The round, which was led by Rustic Canyon and Intel Capital, will be used to boost the startup's profile and target new areas. "Currently, we're focused primarily on North America and we will be looking at expanding our operations to new markets," says Leif Chastaine, InSync's director of marketing.
Chastaine won't disclose how many customers the startup has racked up since it was founded in 2003. He does mention that InSync's software is used to track manufacturing equipment when it is sent from a production site to a repair shop.
RFID works by using tags on a specific product or package, which emit radio signals. Reader devices pick up the signals, so the tagged can be tracked. Unlike barcode technology, RFID does not require direct contact, or what is known as "line-of-sight" scanning.
Middleware giants IBM and BEA were also beating the RFID drum this week.
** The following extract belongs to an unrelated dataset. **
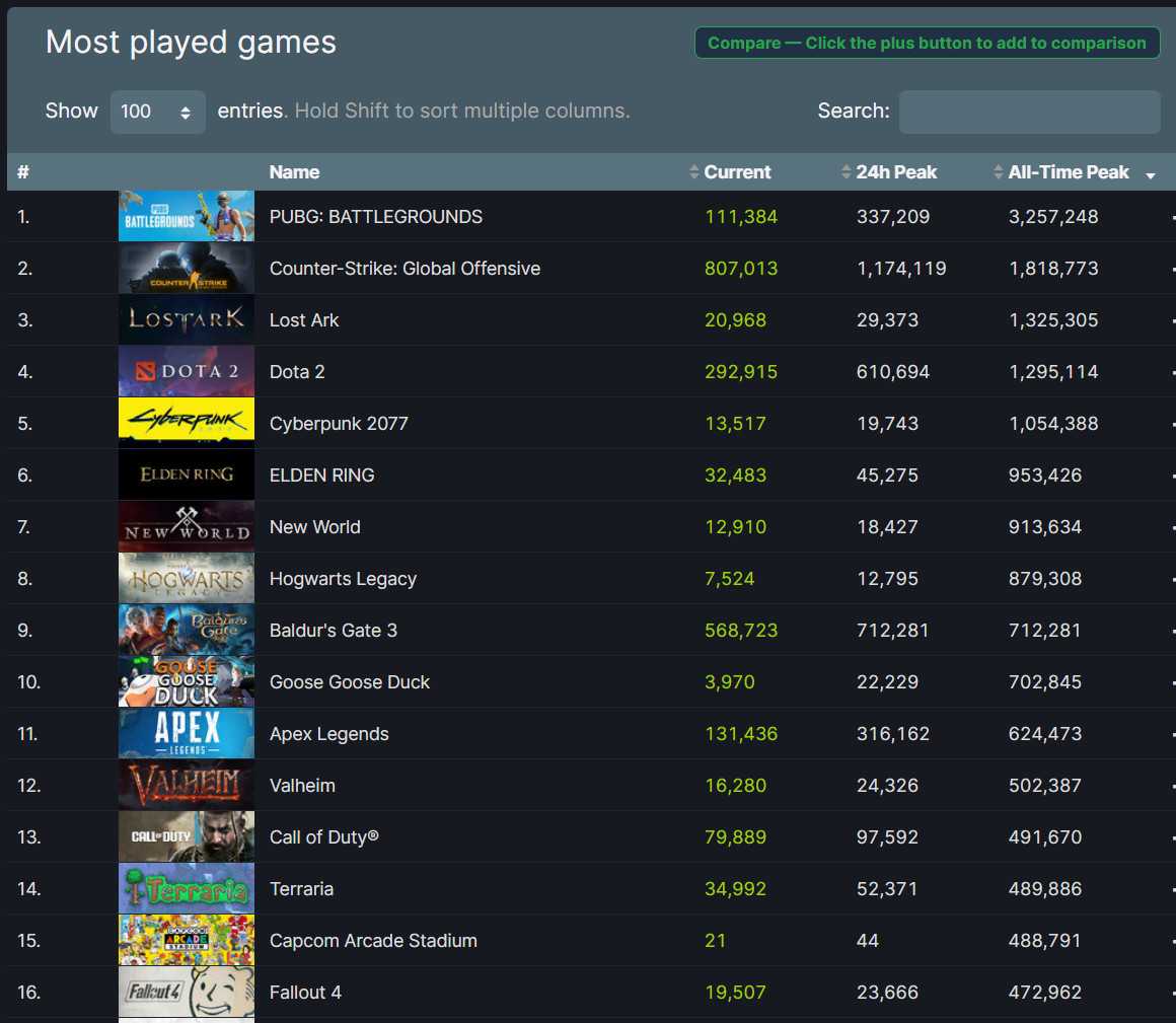 不过这也意味着《博德之门3》正式将Steam“游玩人数最多游戏”最低标准给抬高了,至少要超过70万。外媒PC Gamer表示玩家不必为《Apex英雄》这款免费大逃杀游戏“难过”,因为“《Apex》可以用一大笔钱和当前的玩家数量来擦拭眼泪,而《博德之门3》一年后的玩家数量肯定不会像《Apex》那样稳定”。

IBM, which has built RFID capabilities into its WebSphere technology, unveiled partnerships with reader specialist Alien Technology Corp. , controller vendor Arcom Control Systems , and data management software vendor OATSystems Inc. . (See IBM, Alien Team Up, and OATSystems, IBM, Arcom Team.)
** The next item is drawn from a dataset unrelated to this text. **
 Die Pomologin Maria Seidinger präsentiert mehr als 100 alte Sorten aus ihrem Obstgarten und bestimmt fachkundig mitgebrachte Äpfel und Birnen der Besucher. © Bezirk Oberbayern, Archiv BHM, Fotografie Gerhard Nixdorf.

BEA teamed up with data analysis software vendor T3Ci to try to exploit the RFID mandates that have been announced in the retail and Government sectors. (See BEA Teams With T3Ci.)
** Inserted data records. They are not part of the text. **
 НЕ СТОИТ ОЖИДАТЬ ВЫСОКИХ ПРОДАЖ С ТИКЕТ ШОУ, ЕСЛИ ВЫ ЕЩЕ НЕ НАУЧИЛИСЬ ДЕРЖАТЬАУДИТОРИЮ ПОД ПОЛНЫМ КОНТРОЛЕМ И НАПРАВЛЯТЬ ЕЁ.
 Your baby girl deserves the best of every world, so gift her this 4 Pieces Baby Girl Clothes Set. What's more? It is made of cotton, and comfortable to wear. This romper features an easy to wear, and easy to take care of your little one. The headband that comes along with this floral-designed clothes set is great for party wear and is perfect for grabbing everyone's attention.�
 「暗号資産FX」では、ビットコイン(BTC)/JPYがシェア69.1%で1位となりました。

Some big-name firms, most notably retailer Wal-Mart, already insists that its suppliers deploy RFID. Other organizations, such as the Department of Defense, are also increasing the pressure on their IT partners to deploy RFID.
That leaves IT staff at smaller organizations wondering how they'll cope with their RFID data. A lot of attention has been focused on the expanding storage requirements, but there's more to it than that. Chetan Patwardhan, partner at Stratogent, a San Mateo, Calif.-based IT services firm, told Byte and Switch that software applications are also key pieces of the RFID puzzle. "If you don't have a good business intelligence solution, it's not impossible, but it will be difficult to synthesize and view the data," he explained.
Firms that do not use relational databases, in particular, could be in trouble. "If it's a flat file, you would pretty much have to pay someone to get the data out and give it to you."